**** RECORDS FOR PROCESSING

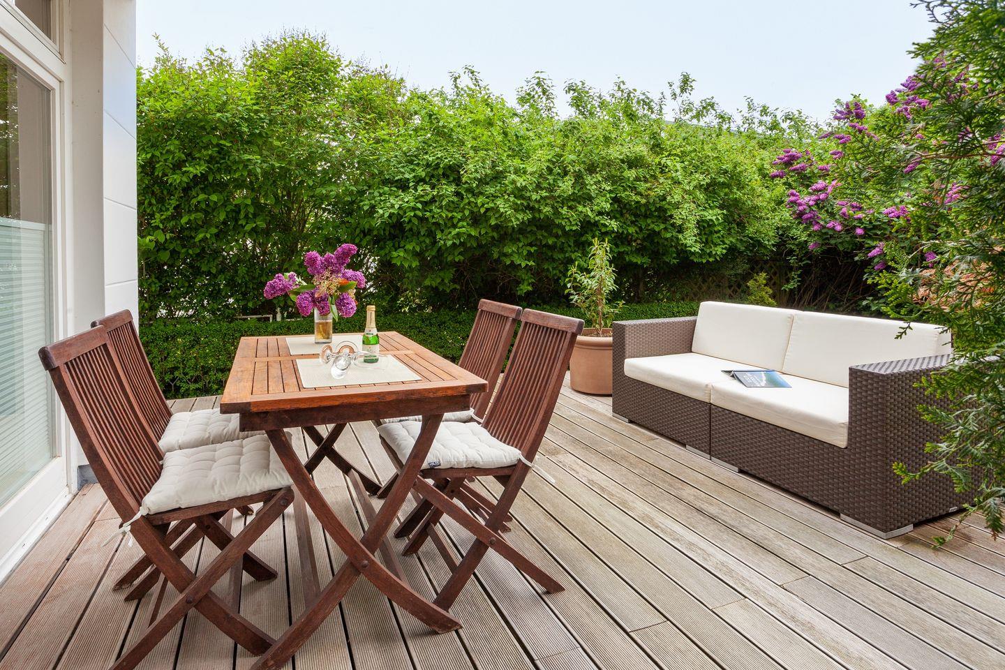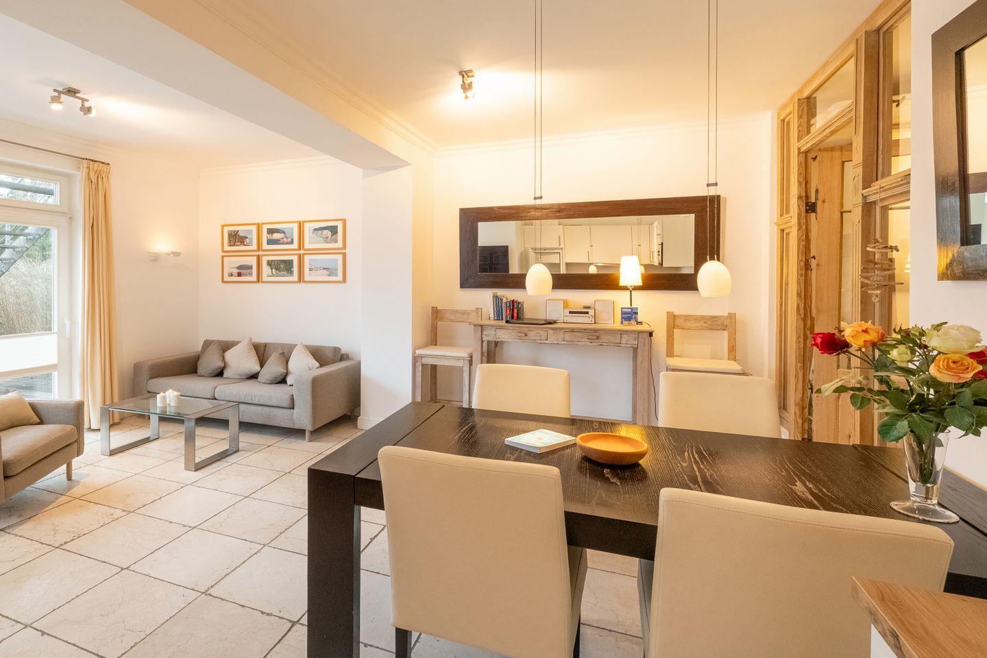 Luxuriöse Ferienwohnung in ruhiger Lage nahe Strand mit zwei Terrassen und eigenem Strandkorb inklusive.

********
**** RECORDS FOR PROCESSING

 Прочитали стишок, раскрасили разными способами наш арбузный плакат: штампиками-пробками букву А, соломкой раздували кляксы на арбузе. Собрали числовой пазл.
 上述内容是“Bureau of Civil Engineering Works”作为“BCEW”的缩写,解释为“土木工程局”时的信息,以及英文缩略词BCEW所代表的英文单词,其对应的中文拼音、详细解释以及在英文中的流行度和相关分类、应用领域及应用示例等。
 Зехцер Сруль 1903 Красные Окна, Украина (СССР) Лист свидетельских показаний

********

▸ **WHAT NEEDS TO BE DONE**:
Scan the lines above for "Прочитали стишок, раскрасили" and for "Зехцер Сруль 1903". Repeat exactly the line holding each of them and every line in between.

▸ **ANSWER AREA**:
 Прочитали стишок, раскрасили разными способами наш арбузный плакат: штампиками-пробками букву А, соломкой раздували кляксы на арбузе. Собрали числовой пазл.
 上述内容是“Bureau of Civil Engineering Works”作为“BCEW”的缩写,解释为“土木工程局”时的信息,以及英文缩略词BCEW所代表的英文单词,其对应的中文拼音、详细解释以及在英文中的流行度和相关分类、应用领域及应用示例等。
 Зехцер Сруль 1903 Красные Окна, Украина (СССР) Лист свидетельских показаний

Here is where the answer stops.